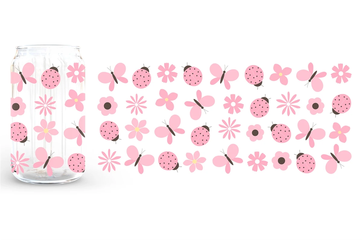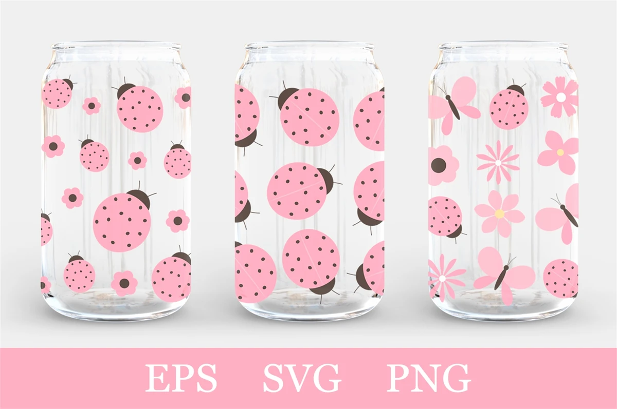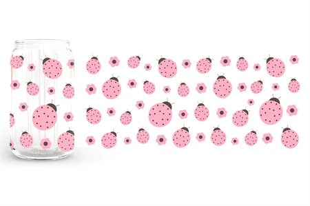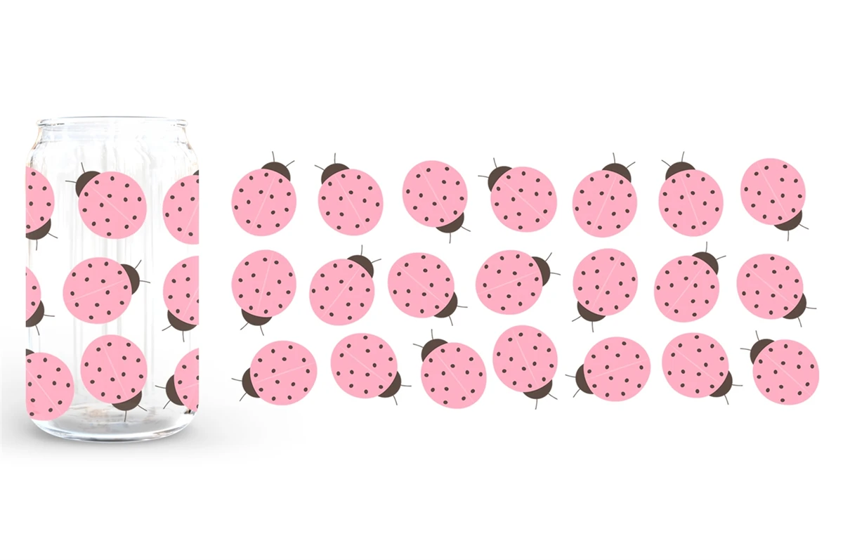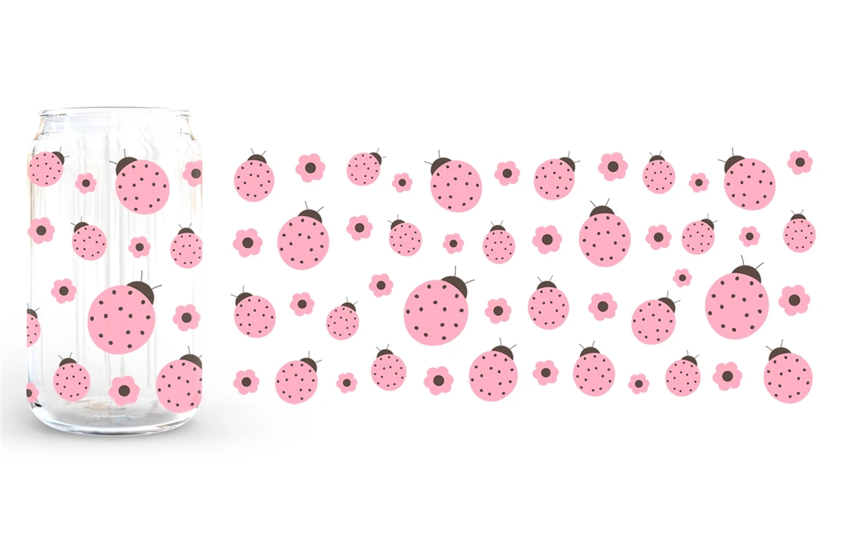 Ladybug Can Glass Wrap sublimation. Ladybug Can Glass 16 oz
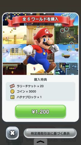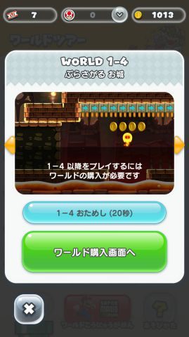 ダウンロードは無料ですが、事前に1200円ということが発表されてたので、どこから有料になるんだろうと思いながらプレイしてましたが、ワールドツアーの1-3までクリアしたところで、1-4以降は有料(1200円)となりました。
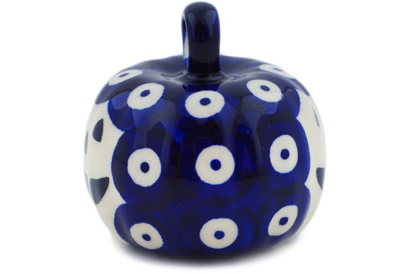 This Peacock Eyes 2" Pumpkin Ornament was handmade and hand decorated in Boleslawiec, Poland by skilled artisans according to old traditional methods. This Polish stoneware is microwave, dishwasher, freezer, and oven safe up to 480°F. It does not contain lead or cadmium. It is part of the Peacock Eyes Collection.
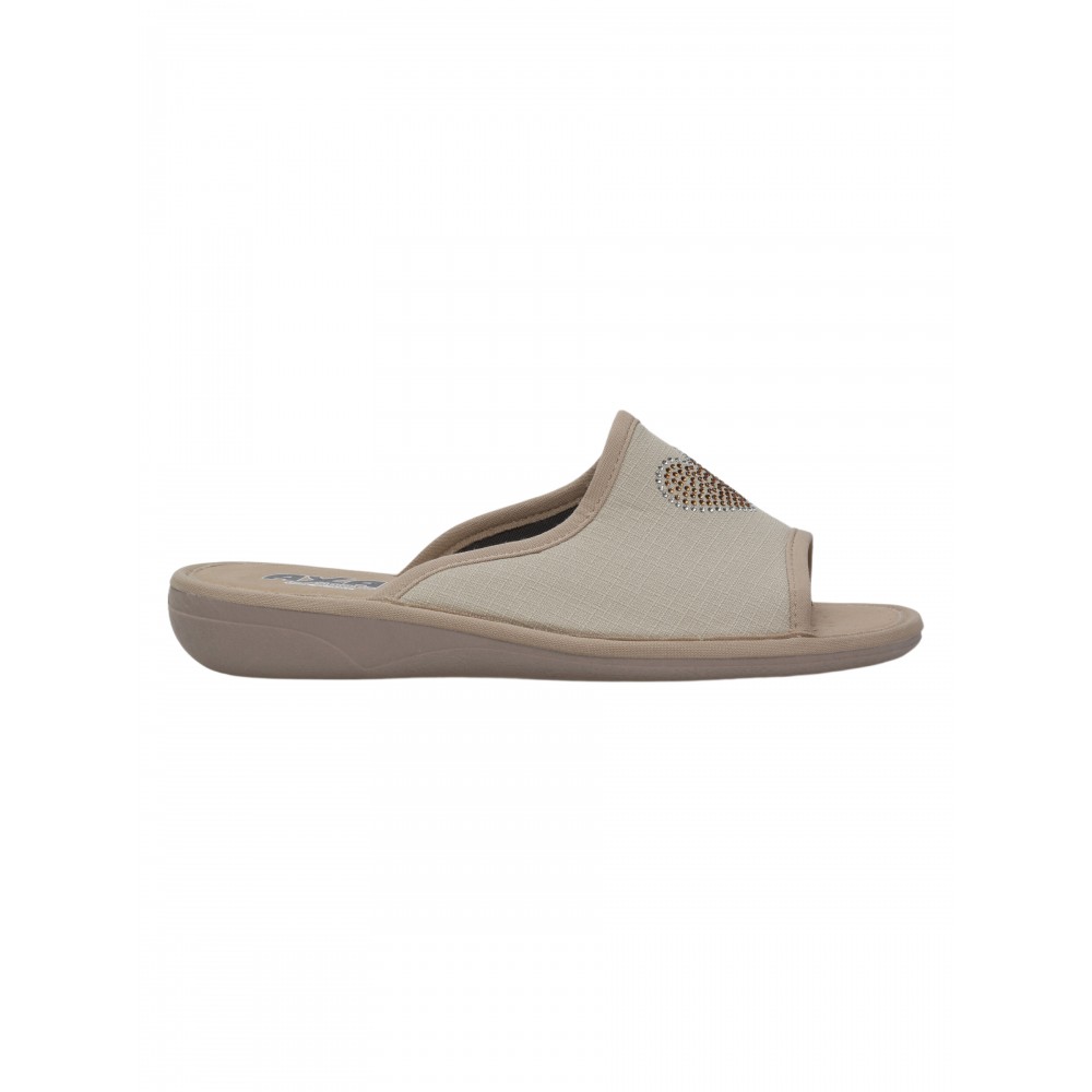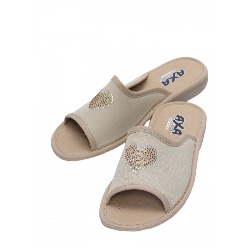 Итальянский производитель AXA Shoes Italia представляет комфортные комнатные тапочки летней коллекции.Нежный светло - бежевый цвет верхней части этой модели с рисунком из сверкающих страз в виде сердечка смотрится безупречно. Тапочки благоухают нежным цветочным ароматом. В пяточной части подошвы находится маленькое отверстие для повторной ароматизации тапочек Вашими любимыми запахами. Это технология называется Deo Push. Женские тапочки AXA — это комфортная обувь для дома. Гибкая подошва из ПВХ имеет подложку из вспененного латекса, который при ходьбе принимает форму вашей стопы. Стельки из экокожи с угольным напылением впитывают излишки влаги стопы. Благодаря технологии DEO-FIT тапочки имеют нежный цветочный аромат, который сохраняется в течение 6 месяцев.  Итак, тапочки AXA shoes – лёгкие, мягкие и красивые – идеальный вариант для Вашей привлекательности и комфорта дома! Обратите внимание, что тапочки AXA произведены в Италии с европейскими размерами, поэтому рекомендуется заказывать комнатные тапочки на размер больше.
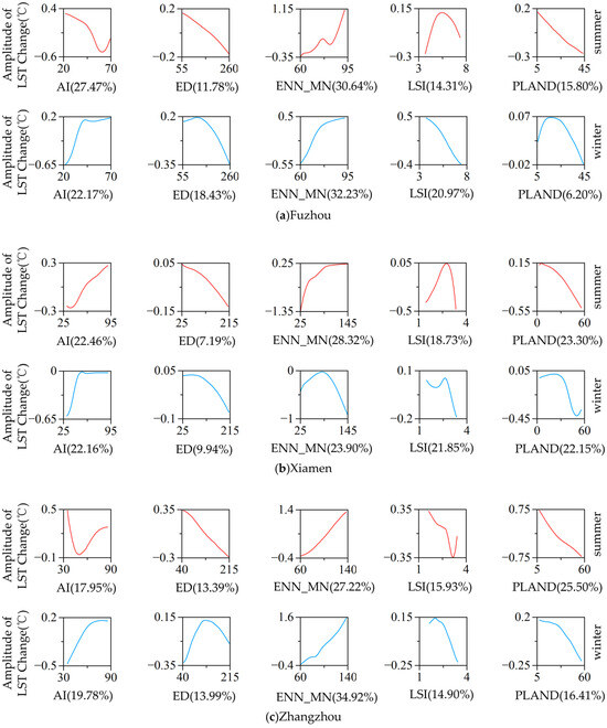 3.4. The Marginal Effects of Urban Forest Landscape Pattern Indices on Seasonal LSTs in the Three Cities

◆ **Brief**: Copy all the material word for word, minus its pictures.

◆ **Problem solution**:
 Ladybug Can Glass Wrap sublimation. Ladybug Can Glass 16 oz
 ダウンロードは無料ですが、事前に1200円ということが発表されてたので、どこから有料になるんだろうと思いながらプレイしてましたが、ワールドツアーの1-3までクリアしたところで、1-4以降は有料(1200円)となりました。
 This Peacock Eyes 2" Pumpkin Ornament was handmade and hand decorated in Boleslawiec, Poland by skilled artisans according to old traditional methods. This Polish stoneware is microwave, dishwasher, freezer, and oven safe up to 480°F. It does not contain lead or cadmium. It is part of the Peacock Eyes Collection.
 Итальянский производитель AXA Shoes Italia представляет комфортные комнатные тапочки летней коллекции.Нежный светло - бежевый цвет верхней части этой модели с рисунком из сверкающих страз в виде сердечка смотрится безупречно. Тапочки благоухают нежным цветочным ароматом. В пяточной части подошвы находится маленькое отверстие для повторной ароматизации тапочек Вашими любимыми запахами. Это технология называется Deo Push. Женские тапочки AXA — это комфортная обувь для дома. Гибкая подошва из ПВХ имеет подложку из вспененного латекса, который при ходьбе принимает форму вашей стопы. Стельки из экокожи с угольным напылением впитывают излишки влаги стопы. Благодаря технологии DEO-FIT тапочки имеют нежный цветочный аромат, который сохраняется в течение 6 месяцев.  Итак, тапочки AXA shoes – лёгкие, мягкие и красивые – идеальный вариант для Вашей привлекательности и комфорта дома! Обратите внимание, что тапочки AXA произведены в Италии с европейскими размерами, поэтому рекомендуется заказывать комнатные тапочки на размер больше.
 3.4. The Marginal Effects of Urban Forest Landscape Pattern Indices on Seasonal LSTs in the Three Cities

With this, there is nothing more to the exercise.